Comprehensive gene expression profiling in the prefrontal cortex links immune activation and neutrophil infiltration to antinociception

Abstract

Functional neuroimaging studies have implicated the prefrontal cortex (PFCTX) in descending modulation of pain and the placebo effect. This study was performed to elucidate comprehensive PFCTX gene expression in an animal model of persistent trigeminal pain. Adult male C57BL/6J mice received facial carrageenan injection and showed sustained increase in nociceptive responses.
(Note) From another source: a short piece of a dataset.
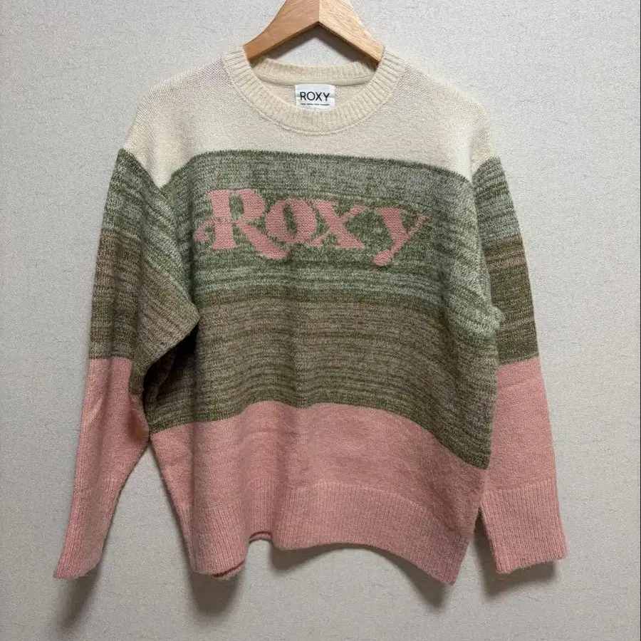 ROXY 록시 보더 무늬 스웨터 핑크 그린

Microarray analyses of differentially expressed genes in the PFCTX at 3 d after injection showed "immune system process" as the dominant ontology term and increased mRNA expression of S100a8, S100a9, Lcn2, Il2rg, Fcgr1, Fcgr2b, C1qb, Ptprc, Ccl12, and Cd52 were verified by RT-PCR. Upregulation of S100A8, S100A9, and lipocalin 2 (LCN2) were confirmed by Western blots, and cells in the PFCTX were double immunolabeled with MPO, indicating they were neutrophils. Analyses of blood of facial carrageenan-injected mice also showed increased mRNA expression of these markers, suggesting transmigration of activated neutrophils into the brain. Other immune-related genes, Il2rg, Fcgr2b, C1qb, Ptprc, and Ccl12 were upregulated in the PFCTX but not blood. Approximately 70% of S100A9-positive cells in the PFCTX of carrageenan-injected mice were located in capillaries adherent to endothelial cells, whereas 30% were within the brain parenchyma. Carrageenan-injected mice showed significantly reduced nociceptive responses after injection of C terminus of murine S100A9 protein in the lateral ventricles and PFCTX but not somatosensory barrel cortex. Together, these findings demonstrate activation of immune-related genes in the PFCTX during inflammatory pain and highlight an exciting role of neutrophils in linking peripheral inflammation with immune activation of the PFCTX and antinociception.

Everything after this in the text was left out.